The part of Paul Ryan’s budget that’s going to get the most attention is his proposal to privatize and voucherize Medicare. But the part that worries me the most is his effort to slash Medicaid, with no real theory as to how to make up the cuts.
Ryan’s op-ed introducing his budget lists Medicaid under “welfare reform,” reflecting the widespread belief that Medicaid is a program for the poor. That belief is wrong, or at least incomplete. A full two-thirds of Medicaid’s spending goes to seniors and people with disabilities — even though seniors and the disabled are only a quarter of Medicaid’s members. Sharply cutting Medicaid means sharply cutting their benefits, as that’s where the bulk of Medicaid’s money goes. This is not just about the free health care given to some hypothetical class of undeserving and unemployed Medicaid queens.
But perhaps cutting it wouldn’t be so bad if there were a lot of waste in Medicaid. But there isn’t. Medicaid is cheap. Arguably too cheap. Its reimbursements are so low many doctors won’t accept Medicaid patients. Its costs grew less quickly than those of private insurance over the past decade, and at this point, a Medicaid plan is about 20 percent cheaper than an equivalent private-insurance plan. As it happens, I don’t think Medicaid is a great program, and I’d be perfectly happy to see it moved onto the exchanges once health-care reform is up and running. But the reason that’s unlikely to happen isn’t ideology. It’s money. Giving Medicaid members private insurance would cost many billions of dollars.
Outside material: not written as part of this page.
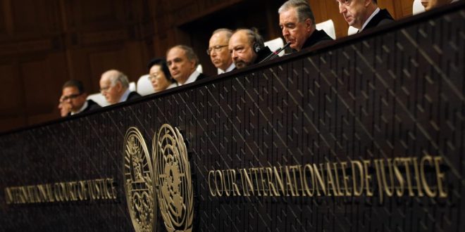 ويمكن للدول الأعضاء في الأمم المتحدة وتلك التي قبلت اختصاص محكمة العدل الدولية تقديم القضايا. تقبل المحكمة القضايا التي قبلت فيها كل من الدول المعنية اختصاصها القضائي. وتتألف محكمة العدل الدولية من 15 قاضياً يخدمون لمدة تسع سنوات. القضاة الحاليون هم من الولايات المتحدة وروسيا والصين وسلوفاكيا والمغرب ولبنان والهند وفرنسا والصومال وجامايكا واليابان وألمانيا وأستراليا وأوغندا والبرازيل. يتم طرح خمسة مقاعد للانتخابات كل ثلاث سنوات، مع عدم وجود حد لعدد الولايات المتتالية.

That’s why it’s well understood that converting Medicaid into block grants means cutting people off from using it, or limiting what they can use it for. You can see CBO director Doug Elmendorf say exactly the same thing here. There’s just not another way to cut costs in the program. You can, of course, work to cut costs outside of the program, either by helping people avoid becoming disabled or making it cheaper to treat patients once they become disabled or sick, but those sorts of health-system reforms are beyond the ambitions of Ryan’s budget.
To get around some of this, Ryan’s op-ed talks about state flexibility, with the implication being that states have some secret Medicaid policies they’ve been dying to try but that the federal government simply hasn’t let them attempt. But the truth is there’s been a tremendous amount of experimentation in Medicaid over recent decades. Indiana converted its Medicaid program into health savings accounts. Tennessee based its program around managed care. Massachusetts folded its Medicaid money into Mitt Romney’s health-care reforms. Oregon tried to rank treatments by value. Some of these reforms have worked well and some haven’t worked at all, but none have solved the basic problem that covering the sick and disabled costs money, and you can’t get around that by trying to redesign their insurance packages. For that reason, block-granting Medicaid ultimately means cutting health-care coverage to the poor, the elderly and the disabled, even as it doesn’t actually address the factors driving costs throughout the health-care system.